Description
rust-lang/rfcs#2582 suggested the addition of a lint that warns against unnecessary intermediate references: expressions like &x as *const _
, that could be written as &raw const x
and thus avoid creating a reference. The rest of this RFC has been implemented (Cc #64490), but the lint has not -- that's what this issue tracks.
The essence of the problem is that direct_raw
and via_ref
below are not equivalent:
// This dos the equivalent of `ptr::offset` to the field, so as long as that is inbounds,
// all is good. No alignment is required.

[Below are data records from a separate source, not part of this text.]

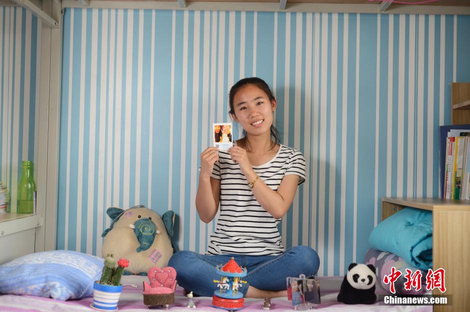 5月13日,学生在自己的床铺上,手拿与妈妈的合影,她很喜欢自己的妈妈,天天与妈妈微信聊天。当日,记者探访了呼和浩特民族学院学生的宿舍生活,他们在这里度过各自的大学生活。中新社发 刘文华 摄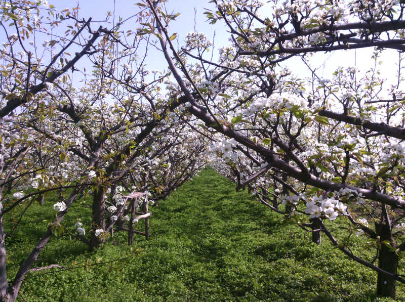 虽然已是下午,但梨花看起来还是那麽迷人,梨花依然不失那种品质。梨树下边有一些碌碌的小草,这更能衬托出梨花的雪白与高贵。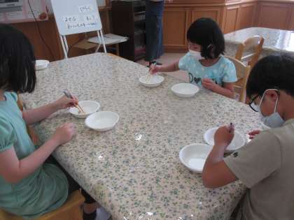 ランチルームは特別な空間のようで,子どもたちは先週予定表を受け取った時から楽しみにしていました。早田先生へのインタビューをした後,お箸の正しい使い方ということではがす・切る・つまむに挑戦しました。みんなとても上手です。今日の献立は,沖縄料理でした。おいしくいただきました。給食調理員さんを始め,お母さん,支えて下さる方々に感謝の気持ちでいただきました。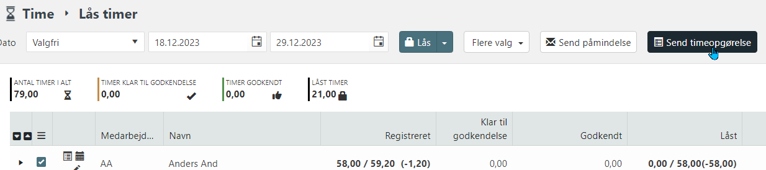 Send timeopgørelse over timer overført til lønbehandling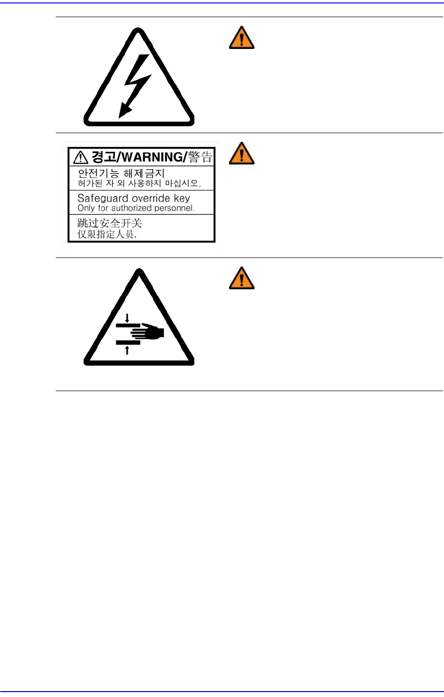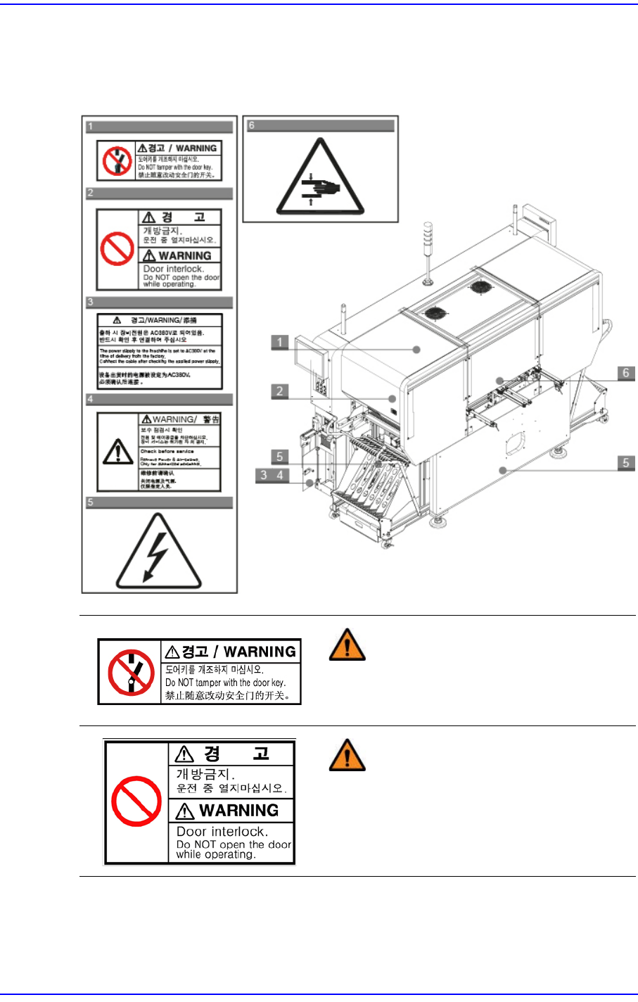 Cutting-edge Modular Mounter HM520 Administrator's Gui de iv 警 告 盖内侧及周围连接物部位存在 高电压要注意 电击危险。 在维护和修理设备操作时一定 要先切断主电 源。 警 告 请勿除去安全功能。 可能发生人命伤害和 深 刻的问题。 警 告设备运行时请勿伸进手 贴有此标签处有移动体, 驱动中拆开或打 开 盖把身体的一部分伸进设备内 部时非常危 险。 维修前请停止设备…

fn direct_raw(x: *const (i32, i32)) -> *const i32 {
unsafe { &raw const (*x).0 }
}
// This creates a full reference to the first field, so that must be aligned and
// the entire field must be inbounds.
fn via_ref(x: *const (i32, i32)) -> *const i32 {
unsafe { &(*x).0 as *const i32 }
}
When people write the latter, we should nudge them towards the former, as that avoids UB. That said, the cases where that really makes a difference are probably rather rare: they occur when x
is unaligned for some reason, or when the beginning of the projected field is still in-bounds but the end of the field is not.
This is related to #99437 in that both are about "lint against cases where references are created but a raw pointer would have sufficed".
Unresolved questions:
- Maybe the lint should also cover cases that look like
&[mut] <place> as *[mut|const] ?T
in the surface syntax but had a method call inserted, thus manifesting a reference (with the associated guarantees). The lint as described would not fire because the reference actually gets used as such (being passed toderef
). However, what would the lint suggest to do instead? There just is no way to write this code without creating a reference.